Les agences de voyages ne sont pas prêtes de voir le bout du tunnel. Après le Coronavirus, il faudra faire face aux multiples plaintes des clients ayant réservé avant la déclaration de la pandémie. Le remboursement intégral des billets est quasiment exclu par les compagnies aériennes. En lieu et place, certaines pensent à proposer un changement de billets. Une crise en l’air que les agences se préparent à gérer.
A Conakry, les agences de voyages espèrent que l’Etat injecte de la liquidité pour éviter une faillite généralisée. « Nous sollicitons des subventions de l’Etat. Il peut par exemple décider de prendre en charge 50% du salaire de nos employés. Cela serait un soulagement pour ceux qui sont à la maison. L’Etat peut aussi mettre en place une ligne de crédit avec des taux d’intérêts supportables », souligne Wann Abdoulaye Sele.
Urgence pour les hôteliers
Le secteur hôtelier guinéen n’est pas épargné par la crise. L’accroissement du parc hôtelier et la construction d’infrastructures de haut standing constituait un atout majeur pour le secteur du tourisme.

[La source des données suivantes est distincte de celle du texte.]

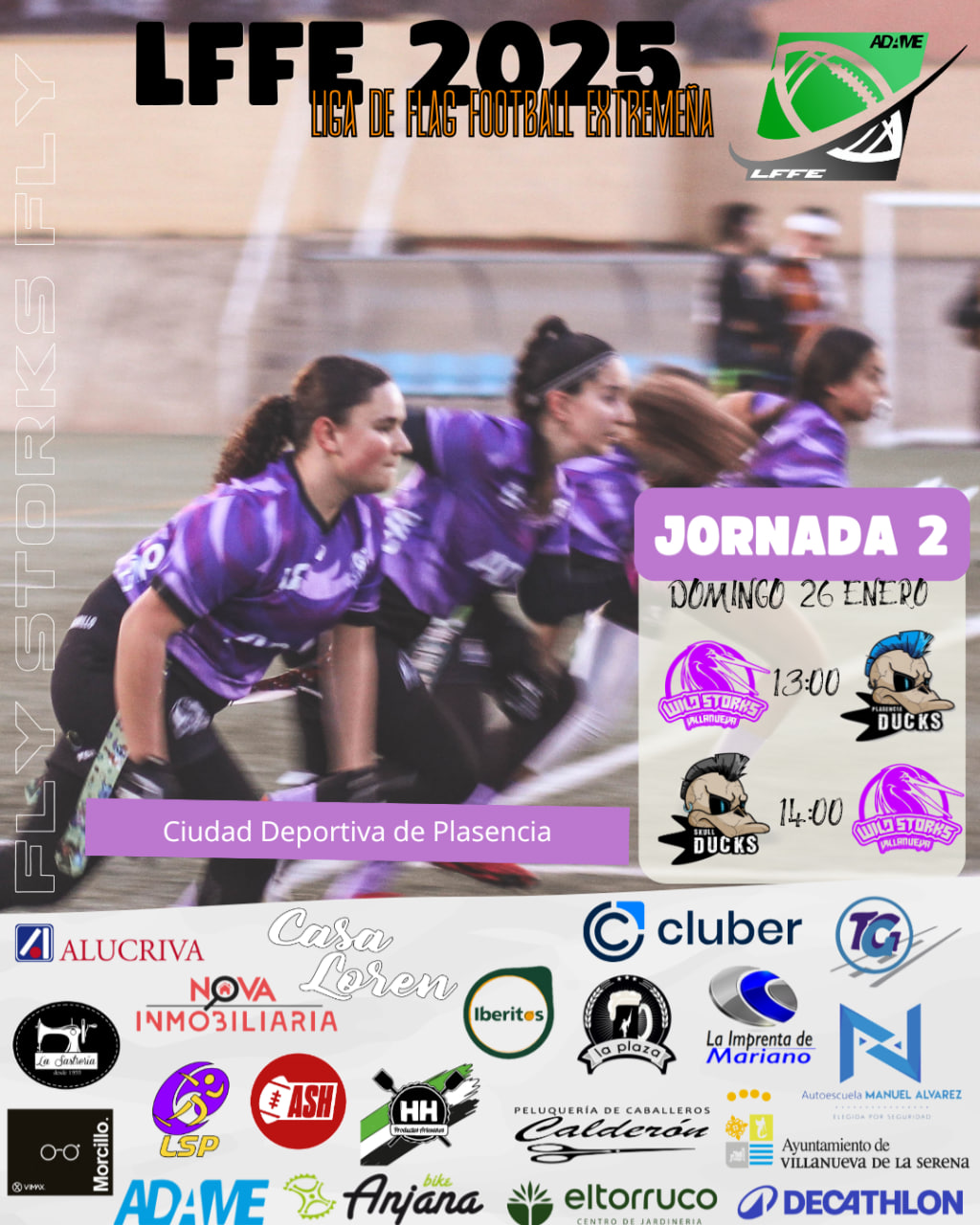 Fin de semana cargadísimo de flag football en nuestro club deportivo Villanueva Black Storks. El sábado 25 de enero desde las 18:30h, en el Anexo Municipal Villanovense, tendrá lugar por fin los esperados Playoffs de la Liga ADAME de Flag Football 2024-25. Y el domingo a partir de las 12:00h, en la Ciudad Deportiva de Plasencia, se llevará a cabo la segunda jornada de la Liga de Flag Football Extremeña 2025, donde competirá únicamente las Villanueva Wild Storks.
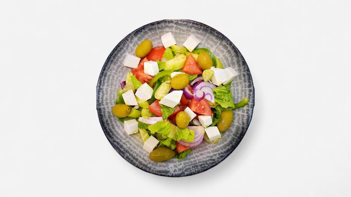 Římský salát, rajče, okurka, paprika, cibule, sýr, olivy
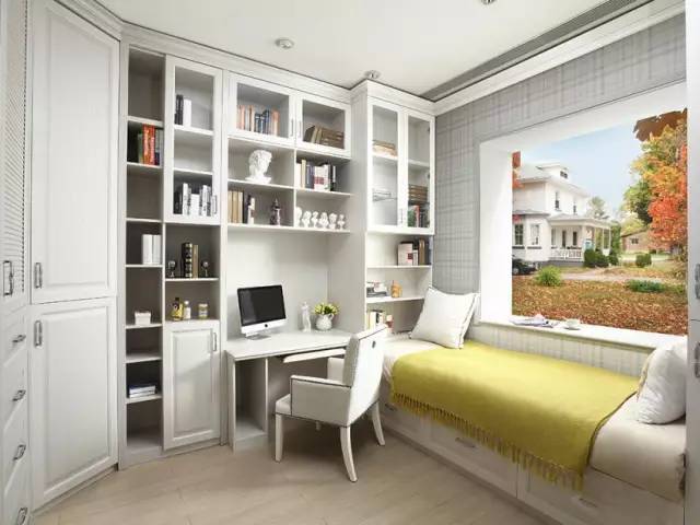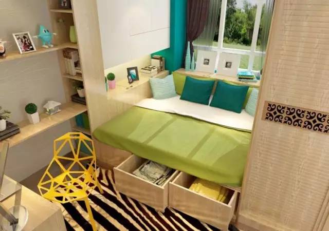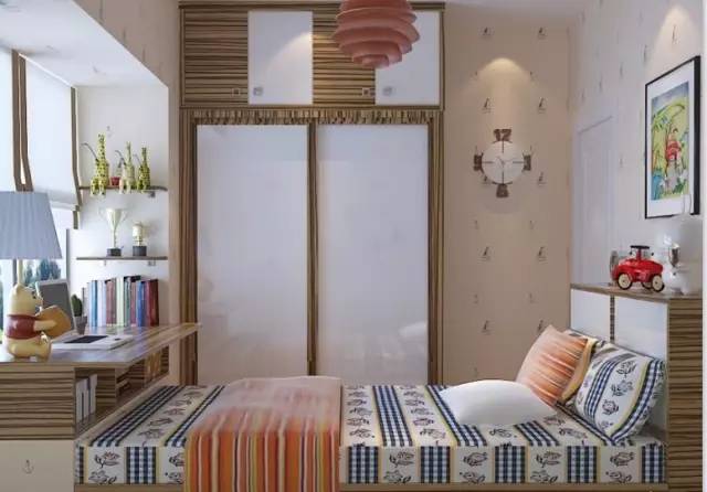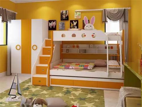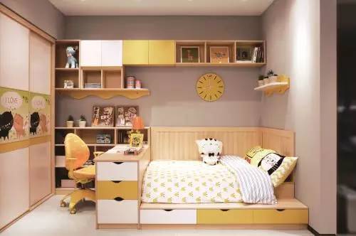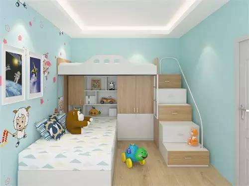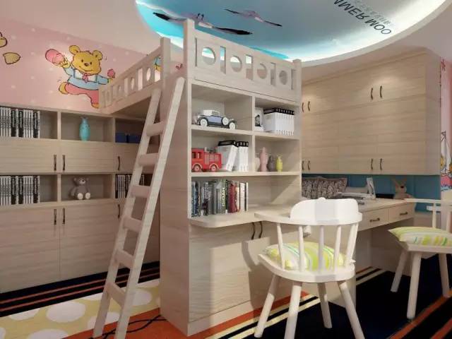 你家里的床有没有装到高处去呀~给儿童房准备一个楼 梯,把床移到高处,下面就可以做柜子啦,书本、玩具都可以放在下面,占用的空间也不算特别的多,不妨去尝试一下吧~
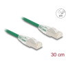 Delock Síťový kabel RJ45 Cat.6A, ze zástrčky na zástrčku, se zahnutou západkou, U/FTP, tenký, 0,3 m, zelený

Mais la survenue du Covid-19 a changé le visage du secteur. Faute d’affaires, les hôtels sont vides ou presque. L’heure est à l’évaluation du manque à gagner. « Il est très difficile pour l’instant de dire exactement l’impact financier du coronavirus », affirme Elie Yacoub, Directeur de réception de l’hôtel Millenium situé à Dixinn. « Le coronavirus a affecté toutes les sociétés pas seulement les hôtels. Nous étions à une occupation stable, avec des clients pour une longue durée pour le service restauration », explique-t-il.
Comme dans bon nombre de secteurs, les hôtels n’ont pas failli à la règle. Des employés sont mis en congés techniques en attendant la reprise.
Au gouvernement, l’on se dit conscient de la crise auquel le secteur touristique fait face. Le Plan de riposte économique au Covid-19 élaboré et mis en route en avril prévoit dans sa seconde phase une panoplie de mesures visant à relancer le secteur. L’Etat a annoncé un report des charges fiscales et sociales, le paiement progressif des arriérés de l’Etat, de même que le report des échéances de remboursement des emprunts bancaires. Il décide aussi de réduire de moitié de la CFU (contribution foncière unique) et de la patente pour le secteur du tourisme et de l’hôtellerie. Mais également d’utiliser les crédits prévus pour les missions à l’étranger pour apurer la dette de l’État vis-à-vis des agences de voyages.
De sources proches du dossier nous ont révélé au cours de notre enquête que le gouvernement a procédé au paiement des arriérés estimés à 20 milliards de francs guinéens. Dans s’agissant du segment « hôtellerie », les factures d’électricité pour environ 9 milliards de francs guinéens auraient été réglées. Les charges fiscales allant de juin à septembre sont aussi reportées pour permettre aux entreprises hôtelières de souffler.
Mais à la Fédération Patronale du Tourisme et de l’Hôtellerie (FEPATOUR), on a l’impression d’être marginalisée dans l’élaboration et la mise en œuvre du plan de relance du secteur. Elle craint que l’initiative ne soit déroutée par des « opportunistes » au détriment des bénéficiaires.